In the material below, begin at the line that has "can be seen.", stop after the line that has "ขาฉิ่งปรับระดับ ฐาน 60", and transcribe those lines exactly, without pictures.

DATA LISTING

══════

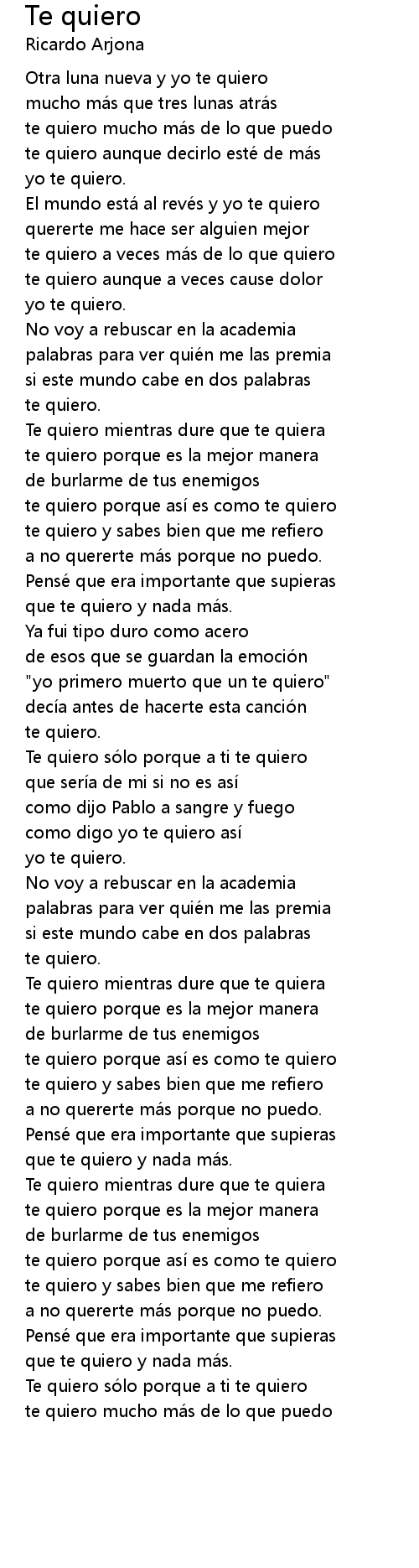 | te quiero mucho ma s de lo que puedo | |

══════

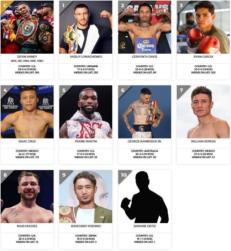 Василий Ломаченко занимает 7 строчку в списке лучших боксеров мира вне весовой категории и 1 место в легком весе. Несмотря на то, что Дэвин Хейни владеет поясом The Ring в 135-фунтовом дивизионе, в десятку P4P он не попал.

══════

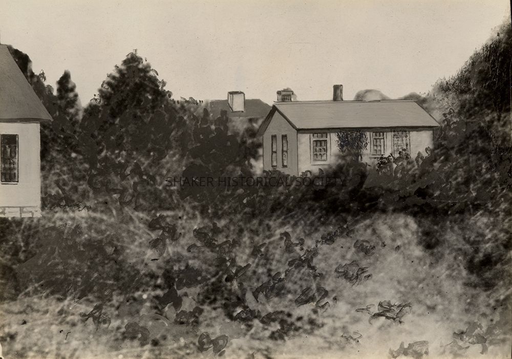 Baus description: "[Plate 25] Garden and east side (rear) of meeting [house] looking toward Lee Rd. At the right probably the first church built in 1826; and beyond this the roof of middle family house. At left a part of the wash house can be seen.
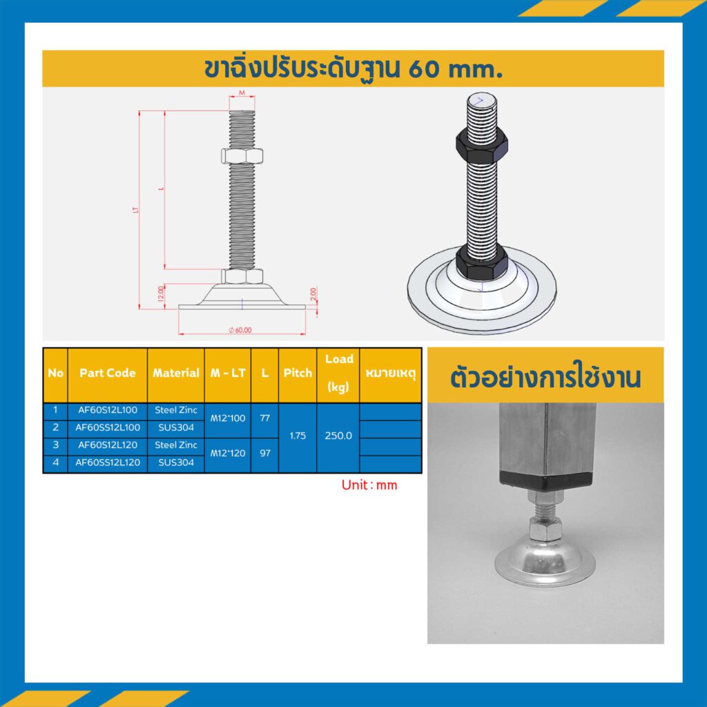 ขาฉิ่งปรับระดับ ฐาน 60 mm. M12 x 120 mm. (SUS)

══════

SOLUTION
 Baus description: "[Plate 25] Garden and east side (rear) of meeting [house] looking toward Lee Rd. At the right probably the first church built in 1826; and beyond this the roof of middle family house. At left a part of the wash house can be seen.
 ขาฉิ่งปรับระดับ ฐาน 60 mm. M12 x 120 mm. (SUS)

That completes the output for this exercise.